Visualization of Prediction Intervals
Let’s try to get an intuitive visualization of what is happening by taking a selection of observations (e.g. 10) and plotting them with their associated raw prediction intervals straight from the conditional quantile regression and the conformalized equivalents.
# Plotting sample of some observations
# Let's put everything in a DF first
df_to_plot = pd.DataFrame(data={
'y_test': y_test,
'preds_test_lower': preds_test_lower,
'preds_test_upper': preds_test_upper,
'preds_test_lower_conformal': preds_test_lower_conf,
'preds_test_upper_conformal': preds_test_upper_conf
}, index=y_test.index)
# Then, sample some observations (10)
n_sample = 10
preds_test_sample = (df_to_plot.sample(n_sample,
random_state=seed)
.reset_index()) # reset_index, it makes plot cleaner
# Plotting
plt.figure(figsize=(20, 10))
# Plotting the PIs with vertical lines and whiskers
# For raw prediction intervals
plt.errorbar(x=preds_test_sample.index - 0.01, # small adjustment to not have the 2 bars overlap perfectly
y=(preds_test_sample['preds_test_lower'] + preds_test_sample['preds_test_upper']) / 2, # "midpoint of the PI"

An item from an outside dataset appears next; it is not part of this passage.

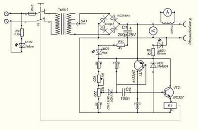 Keywords: 12V charger.JPG de fehlerhaftes Schaltbild eines 12-Volt Akkuladegeräts mit automatischer Abschaltung bei erreichen der Ladespannung LED3 immer in Sperrichtung offenbar falsch gepolt mit Netzwechselspannung betriebene LED2 ohne Antiparallel-Diode und Vorwiderstand wahrscheinlich ungenügend spannungsfest VD2 schützt VT2 nicht en Incorrect 12V charger wiring with automatic switch-off when reaching charging voltage LED3 always in inverse direction obviously wrong polarity Mains AC powered LED2 with no anti-parallel diode the one in-line resistor probably with insufficient dielectric strength VD2 will not protect VT2 ru Схема за ядного уст ойства для 12-вольтовых АКБ et 12V akulaadja own Dmitry G 2008-12-06 Battery chargers Incorrect circuit diagrams |

yerr=[(preds_test_sample['preds_test_upper'] - preds_test_sample['preds_test_lower']) / 2], # half the width around the point
fmt=' ', color='lightblue', ecolor='cadetblue', elinewidth=3, capsize=5, capthick=2, alpha=0.7,
label='Raw Prediction Interval')
# For conformal prediction intervals
plt.errorbar(x=preds_test_sample.index + 0.01, # small adjustment to not have the 2 bars overlap perfectly
y=(preds_test_sample['preds_test_lower_conformal'] + preds_test_sample['preds_test_upper_conformal']) / 2, # "midpoint of the PI"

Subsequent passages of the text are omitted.